I guess you might be running into an execution error since cuDNN will either use their heuristics or profiling (if torch.backends.cudnn.benchmark = True is used) to select a working kernel. If this selection is done in one context and executed in a different one (with a lower sm count) I would assume it could break. You could try to disable cuDNN via torch.backends.cudnn.enabled = False to avoid this issue.

It doesn’t work. I even tried to disable cuDNN by torch.backends.cudnn.enabled = False, the only difference is that this the runtime error changes to CUDA error: CUBLAS_STATUS_EXECUTION_FAILED when calling cublasSgemm( handle, opa, opb, m, n, k, &alpha, a, lda, b, ldb, &beta, c, ldc)`.

And interestingly, it’s not even about using the same module in different contexts, even if I create a new input tensor and conv module in the new context, I still get the same error. Somehowpytorch does not like having multiple CUDA contexts.

A follow-up failure in cublas would be my second guess. Yes, you might be right as I’ve never seen this use case before and am sure nobody runs tests for it or ever executed it.
What’s your exact use case to create multiple contexts and execute different workloads there?

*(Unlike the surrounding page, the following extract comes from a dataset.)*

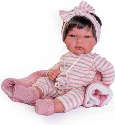Тази реалистична бебешка кукла от испанската марка Antonio Juan е изработена с внимание към детайла, включително реалистични гънки и пол. Направена е от мек винил, който е много приятен на допир. Някои от дрехите са изработени от органичен памук, което подчертава екологичния подход на компанията. Куклата е с височина 33 см и е идеален подарък, опакован в красива подаръчна кутия. Подходяща за деца от 3 години.

It’s part of my PhD thesis, I want to design a Real-Time scheduler for DL workloads. I want to create a pool of contexts and assign contexts to operations dynamically based on Real-Time constraints and deadlines. I’m thinking about migrating to Tensorflow but I want to make sure that I’m not doing something wrong with Libtorch first. I’ve spent lots of time getting comfortable with PyTorch’s API.

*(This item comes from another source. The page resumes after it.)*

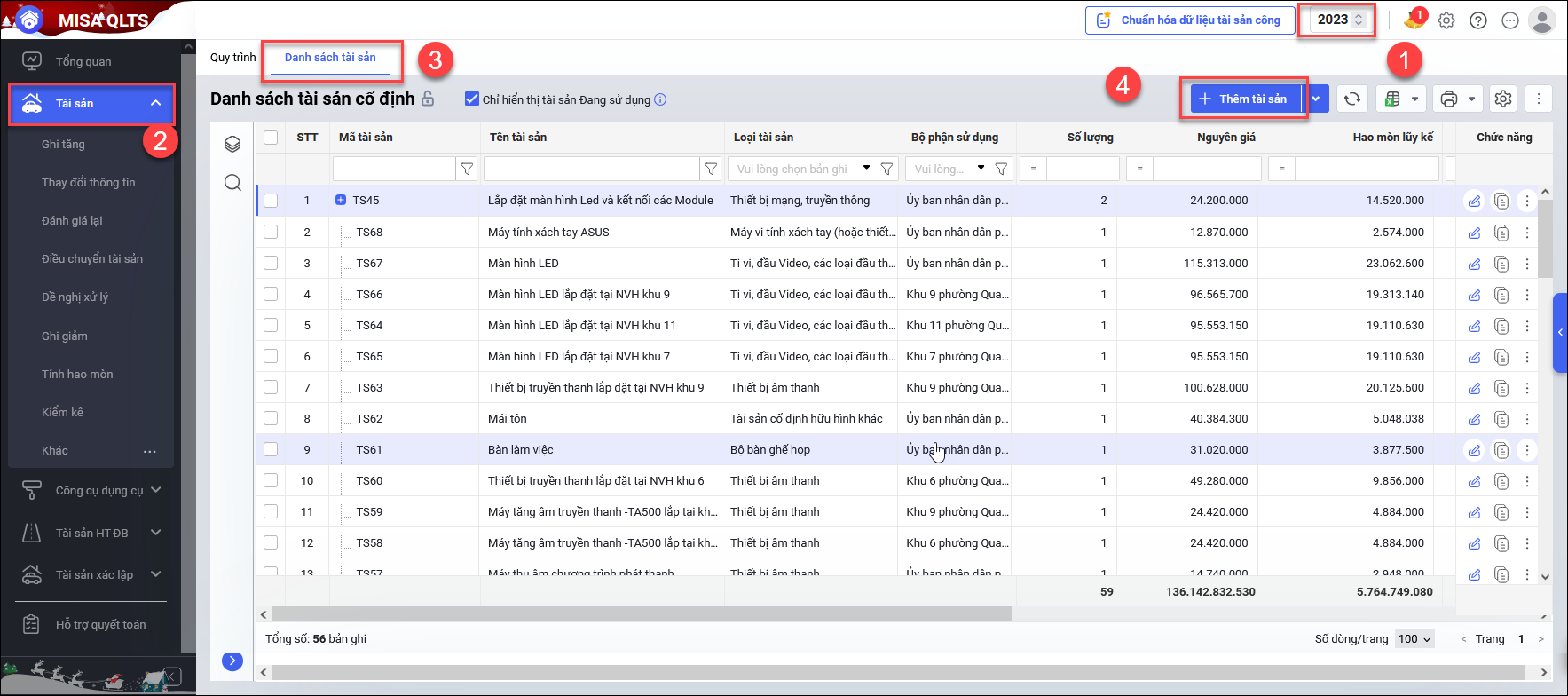 - Tại menu Tài sản bên trái\ chọn tab Danh sách tài sản\ nhấn Thêm tài sản.

Do you have any idea why this is happening? This is a huge obstacle in front of my research right now. I considered other frameworks like TF or MXNet, but none of them have as mature C++ API as Pytorch.

No, as mentioned before, I would guess the different context properties are not supported if you are trying to reuse the same algorithms. Since it’s part of your research, I would recommend to scale down the problem first and try to run a simple workload in pure cublas/cuDNN using different contexts to see if these limitations are expected.